Resilience revealed through vulnerability, a feeling that profoundly connects with the Khaite woman. With a plethora of  leather, sheer tops, accentuated shoulders, draped garments, and  methodically placed additions of fur, vulnerability was interwoven with strong accentuations. Extended sleeves enhanced the depth perceived in  the clothing, through contrasts between shadow and reflection. This interplay created a visual illusion of textures and shades. Red, black, white, and navy were the main colors used which contributed to the serene "cool girl aesthetic" the brand is known for. Cinched waists were juxtapositioned by oversized fur coats, and leather trench coats were used to conserve modesty under sheer tops. The brand showcased an array of looks quintessential to an elite upper east side fashionista.

KIM SHUI 

"Year of the Dragon Muse"

Kim Shui's collection paid homage to the Chinese New Year, playing around with the color palette of the vibrant dragon. The collection used ethical vegan snakeskin and fur sourcing practices to create culturally inspired pieces. Cobalt blue, burgundy red, pearl white, and snake green were the main colors of the show.  Eclectic styling allowed for diffrent textures to play together providing an interesting combination to capture the eyes of the audience.
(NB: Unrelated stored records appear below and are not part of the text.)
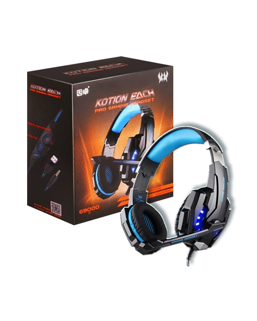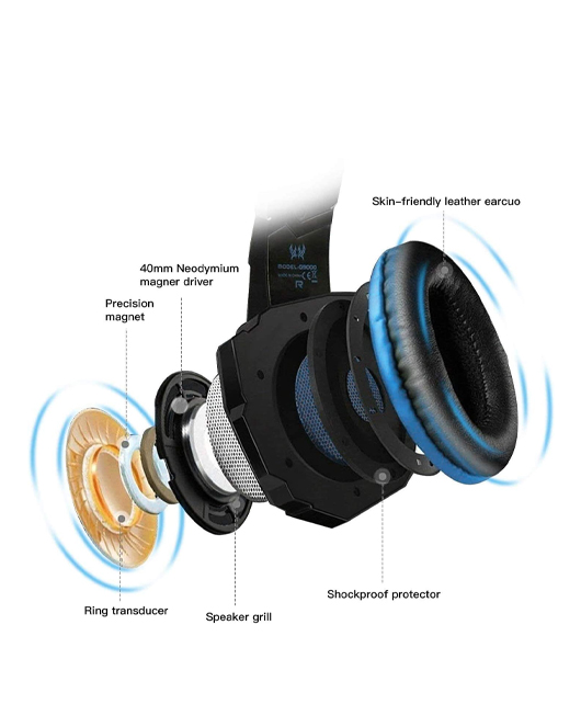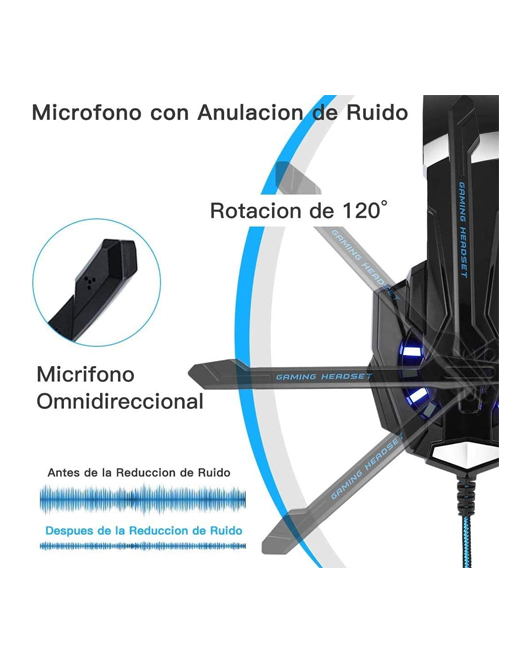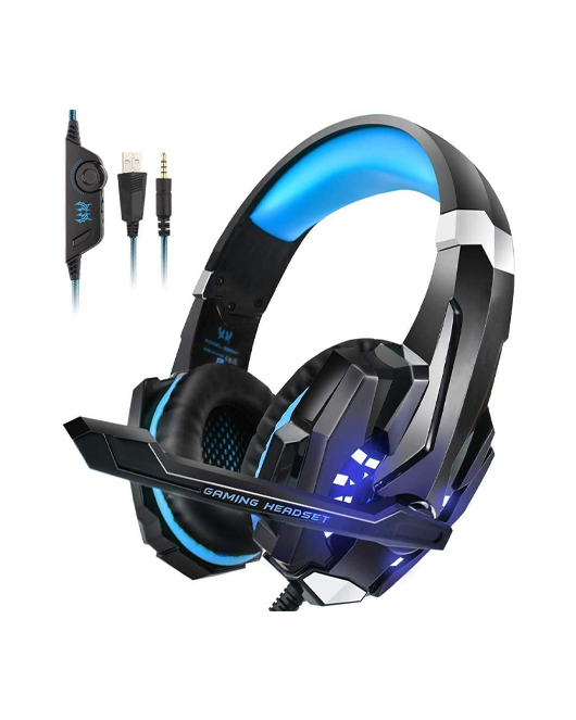 - Comfortable Gaming Headphone for head and mood : Earmuffs made of skin friendly PU leather material , the super soft over ear pads is comfortable for long time wear with light weight . Glaring Blue LED lights are designed on the earcups, highlighting the atmosphere of the game.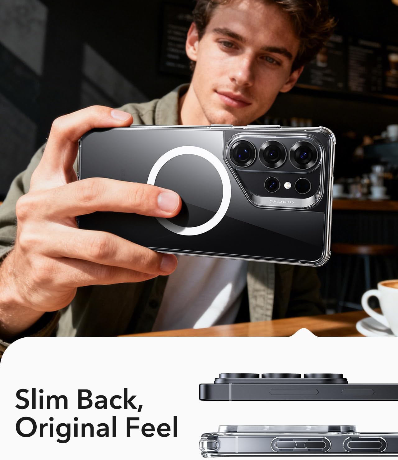 The ESR Samsung S26 Ultra case protects your Galaxy S26 Ultra while keeping its original design visible. Built with reinforced hybrid materials, it delivers military-grade drop protection, powerful magnetic alignment, and a crystal-clear anti-yellowing back.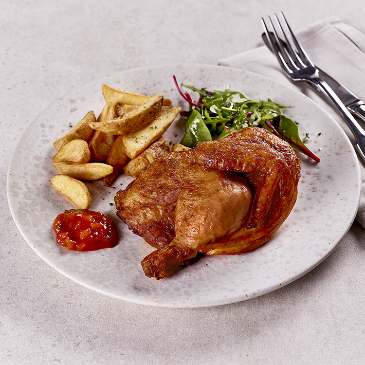 Hähnchen ohne Innereien, halbiert, küchenfertig gewürzt, vorgegart, einzeln entnehmbar, tiefgefroren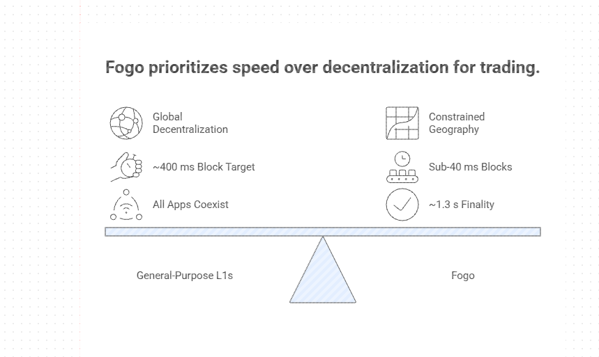 A general L1 cannot easily adopt those constraints without breaking its own decentralization and “serve everything” mandate, which is why Fogo exists as a separate, specialized chain.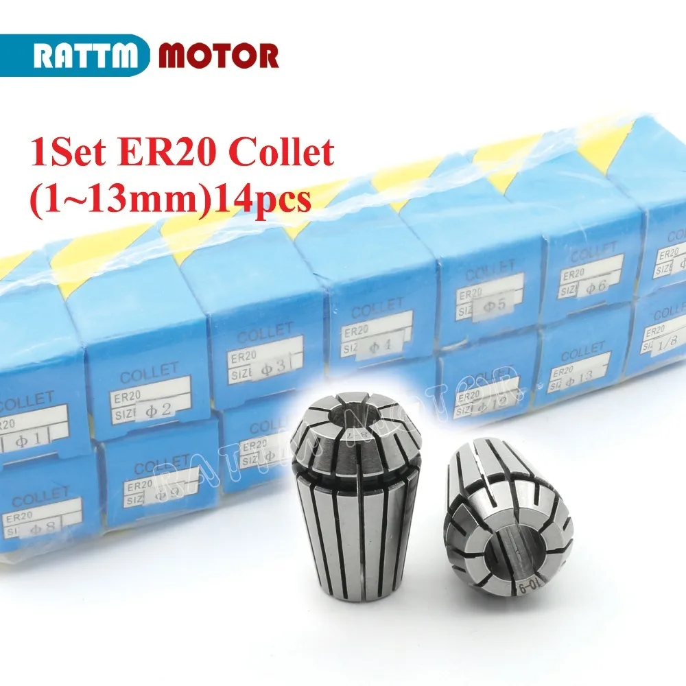 Бесплатная доставка 1 комплект ER20 (1-13 мм) 14 шт. цанга, бьющаяся 0,1 мм Точная пружинная Цанга для фрезерного станка с ЧПУ и шпиндельного двигателя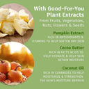 - Soothes & Calms: Shea butter and pumpkin seed extract help soothe and calm dry skin.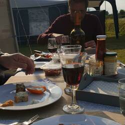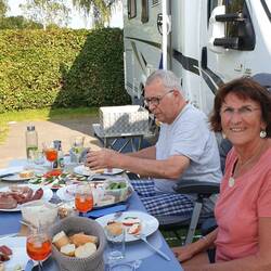 Michael und ich fahren später mit dem Roller nach Ulft. Dort wollen wir uns ein wenig schlau machen, denn in Ulft soll am Wochenende auf der Oude Ijssel das Flüsterboort ablegen. Zwei Stunden schippert es mit seinen Passagieren über die Oude Ijssel und durch das Naturschutzgebiet. Auf Google Maps ist allerdings kein Anleger an der Ijssel zu erkennen. Irgendwo im oder am DRU Industriepark soll das sein. Wie umrunden mit dem Roller zwei Mal Ulf, bis wir endlich den Industrie Park finden. Es ist eine alte Eisengießerei, die zum Industrie Denkmal erklärt worden ist. In ihrem Innern haben Gastronomie, Museen und Läden Platz gefunden ( https://www.dru-industriepark.nl/de/dru-industr…) Dort direkt an einer Holzbrücke, die den Industriepark mit der anderen Ijsselseite verbindet, finden wir auch die Anlegestelle des Ausflugsbootes, das am Samstag und Sonntag um 13.00 Uhr ablegt. Tickets dafür kann man online buchen. Wir belohnen uns für unsere Suche mit einem Besuch im dortigen Biergarten, denn heute sind unsere Freunde für das Abendessen zuständig. So können wir uns Zeit für das Industriedenkmal lassen, bevor wir zurück zum Stellplatz fahren Dort erwartet uns schon ein schön gedeckter Tisch am See Wir brauchen nur noch Platz nehmen und uns verwöhnen lassen. Natürlich gibt es auch an diesem Abend einen grandiosen Sonnenuntergang.Read more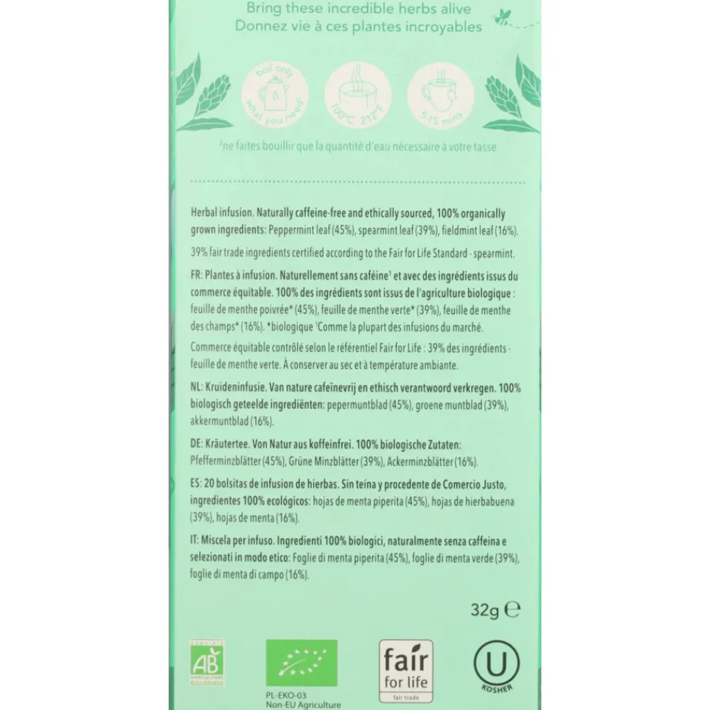 Pukka streeft ernaar positieve verandering te brengen op de wereld – voor jou, de natuur en alles daar tussenin. Pukka Three Mint is een blend met pepermunt, groene munt en veldmunt. Gemaakt van 100% biologische ingrediënten die duurzaam verbouwd zijn. Breng deze heerlijke kruiden tot leven door ze tot 15 minuten in vers gekookt water te laten trekken.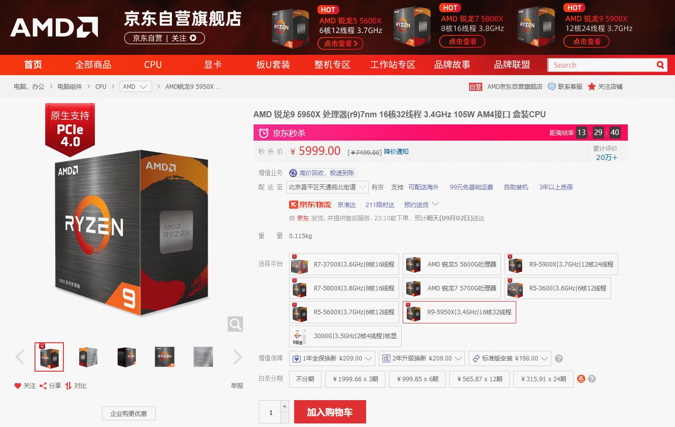 AMD锐龙9 5950X处理器目前在京东商城自营旗舰店的限时秒杀报价为5999元,同时享受白条分6期免息的活动,这样的优惠力度,DIY用户们完全可以直接入手了,想体验一下目前最强消费级处理器的性能吗?点击下方链接赶快下单吧!

Alienesque glasses seen similarly at Acne Studios and Balenciaga were a big part in the shows accessory, resembling the elongated eye shape of a dragon. 

SANDY LIANG

"The Sandy Liang Fall Winter 2024 collection follows a schoolgirl who grows up to be a princess" (Baazar). Bows and contemporary ballerinas was the theme of Sandy's show, schoolgirl met business woman on the runway . Miu Miu met Brandy Melville. The girlification of corporate wear has been seen all through out social media. The trend labeled as "siren" office secretary boasts an emphasis on tight skirts and elegant blouses. Presenting the ideal mix of uniform with trendy bows and girl accessorizes, her epitoumous label  continues to secure its place as an essential cool girl staple brand.

AREA

Area put on a spectacle with an array of innovative designs surrounding the concept of cartoon eyes and sparkles. Summer camp nostalgia was definetly felt with goggley eyes and big sequence ensambles plastering the runway. The eye motif served as the foundation for a more expressive visceral iconography, featuring dalmatian spots, blooming flowers, and crystal eyelets on various imaginative pieces. Floral petals, intentionally left exposed at their centers, provided glimpses of the body in unconventional areas. Meanwhile, eccentrically bedazzled denim, gloriously sparkled down the runway. 

THOM BROWNE

Browne inspired by Edgar Allen Poe's poem, "The Raven," set the stage for a storytelling mirage. The theatrical ensemble featured looks ranging in design and textiles.  Infamous for its eerie and dramatical mood, Browne was able to prophetically recreate the ambiance throughout his show. The gothic ethereal scenerey provided a great stage to present the looks. Providing a narrative and story behind the garments allowed for a descriptive aid for understanding the motifs used on the clothes as well as the nature of the hair and makeup of the models. The colors maintained a palette of black, white, grey and gold. Asymetrical concepts and textured layers highlighted the craftsmanship of the brand and the playfully mysterious nature of the models on the runway adorned the pieces creating the ultimate gothic fairytale. The show was more a  Broadway spectacle than your average fashion show.

TORY BURCH

Optimism and women with confidence was the theme of Tory Burch's FW 2024 capsule. Ruffles and prints dominated this runway show with classic essentials acquiring a playful layer of personality. Suits, midi skirts and leather were big hit with many looks contrasting pieces of textures within outfits. Burch's designs found a serene balance between sophistication and playfulness, offering a versatile wardrobe that seamlessly transitioned from casual to formal settings. The collection embraced contrasts, not only in patterns and colors but also in the textures of the fabrics used, creating a visually striking and multi-dimensional effect.